Nach und nach kamen nun auch die Bewohner aus ihren Häusern, versammelten sich in den Straßen und bereiten ihr Feuerwerk vor. Der Bürgermeister, der sich gut vorbereitet hatte, nahm ein Mikrofon in die Hand und zählte einen Countdown herunter, der über Lautsprecher bis in den letzten Winkel zu hören war.
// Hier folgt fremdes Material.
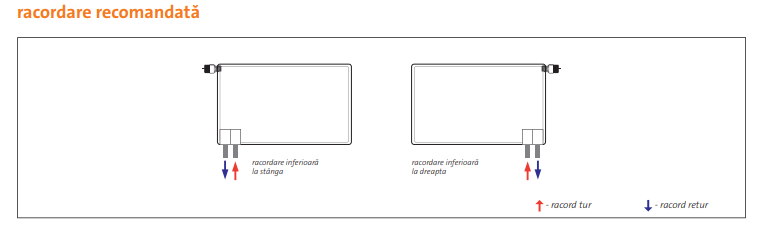 · Accesorii: radiatorul este prevăzut cu 2 console MCW-5, cu dibluri și șuruburi, ventil termostatic încorporat (la dreapta) și ventil de aerisire (la stânga).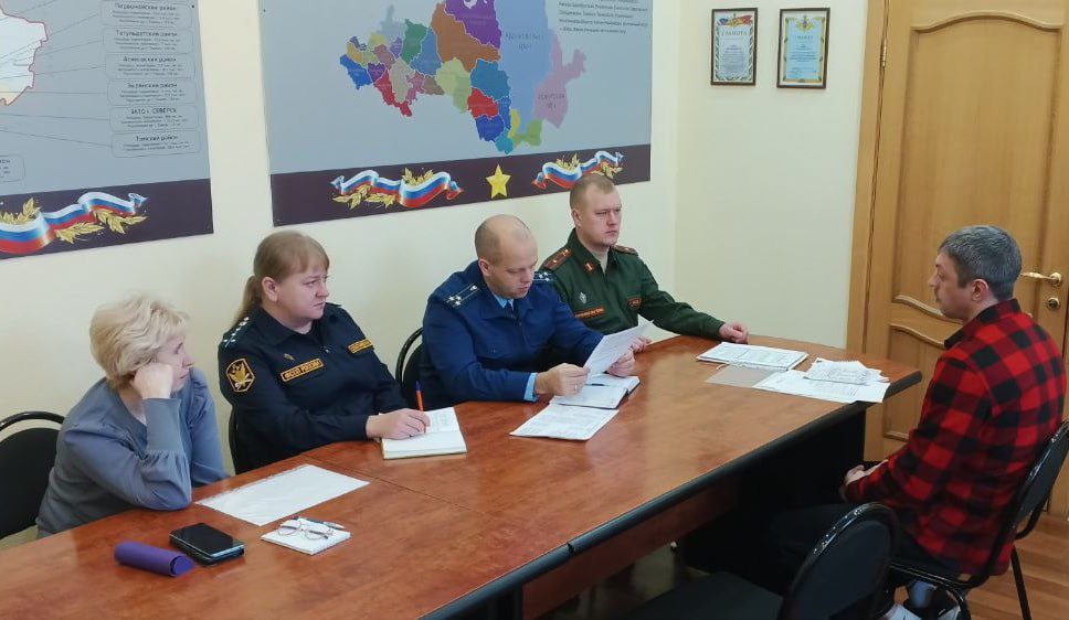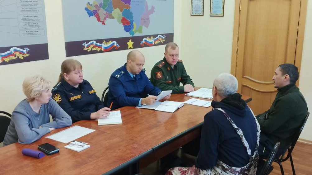 Встреча состоялась в военном комиссариате при участии военного комиссара Сергея Микова, социального координатора Томского филиала фонда «Защитники Отечества» Юлии Цепаевой и начальника местного отдела судебных приставов Юлии Севостьяновой.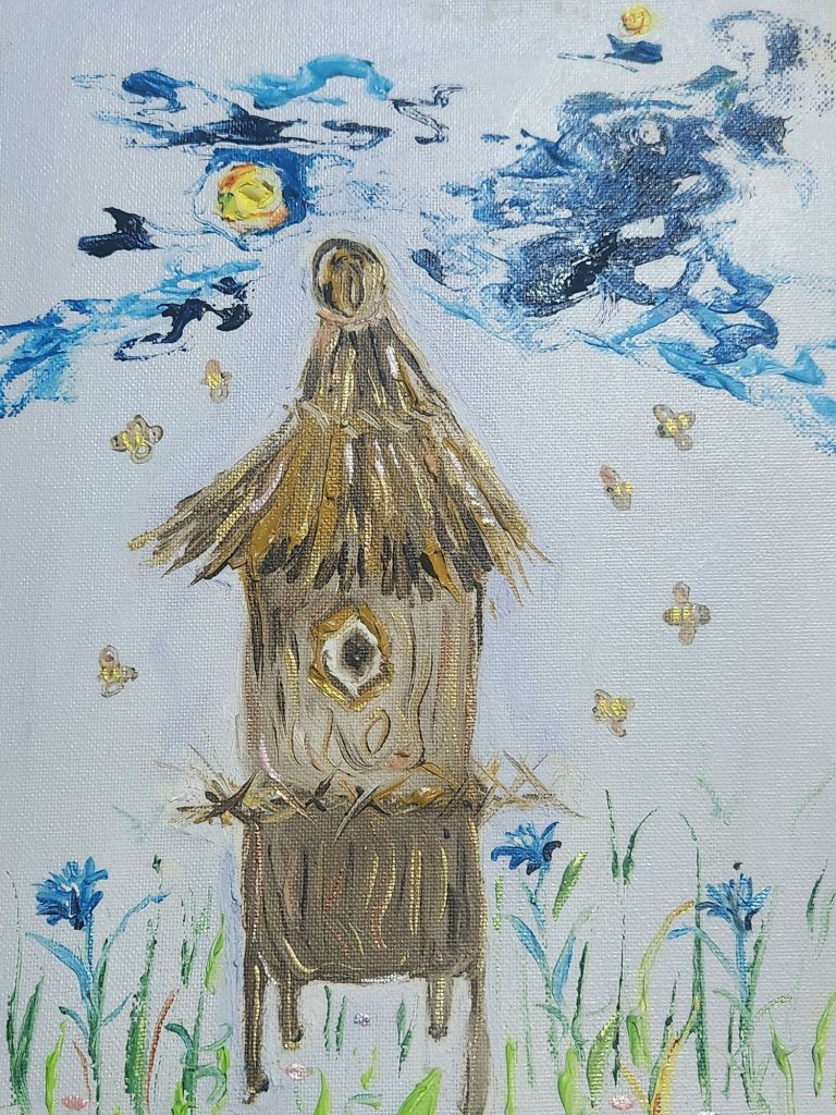 Una imagen es de la Сапе́тка, una colmena en un cesto. Y comparto también una pintura de mi esposa.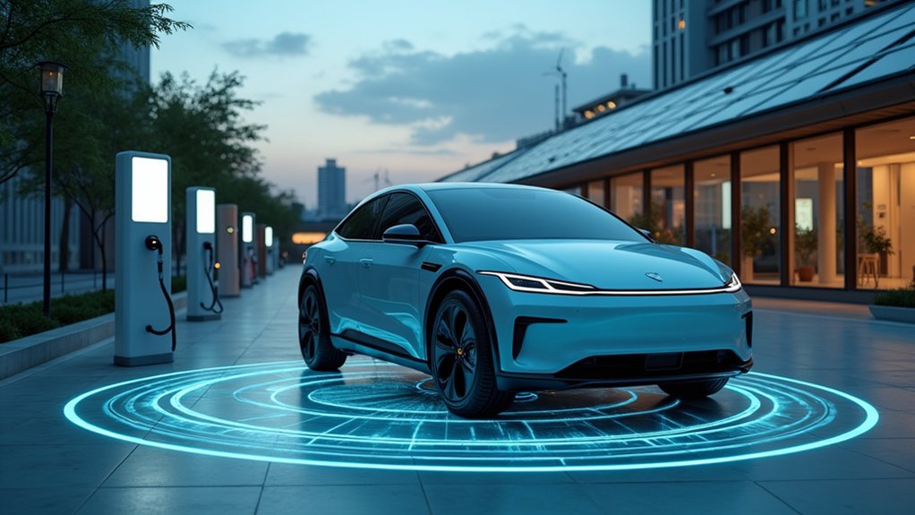 Electric vehicle charging is undergoing revolutionary changes through wireless charging, ultra-fast 350kW stations, and AI-driven smart systems. Road-embedded charging coils and bidirectional capabilities will transform vehicles into mobile power units, while renewable energy integration enhances grid stability. The projected growth of 85 million EVs by 2025 is driving expansion of charging networks with improved interoperability. These innovations, combined with solid-state battery technology, signal a future where charging becomes seamless and efficient. The complete transformation of EV charging infrastructure reveals even more promising developments ahead.

»Fünf, vier, drei, zwei, eins, null. Frohes neues Jahr!«
Auf diesen Augenblick hatten die Glühwürmchen nur gewartet. Sie ließen ihre Lichter aufleuchten, dass sich in Abermillionen Schneeflocken spiegelte, brach und über den ganzen Himmel verteilte. Es wurden eine unglaublich große und grandiose Lichtershow, die kein Feuerwerk der Welt hätte überbieten können. Den Bewohnern der Stadt standen vor Begeisterung die Münder auf. Sie vergaßen sogar, ihre eigene Knaller, Böller und Raketen zu zünden. Diese Silvesternacht wurde zwar still, aber dennoch etwas ganz Besonderes.
Mr. Little blickte mit einem gewissen Stolz auf das Lichtspektakel am Himmel und hoffte insgeheim, man würde jeden Jahreswechsel ohne Lärm, Müll und Gestank auskommen.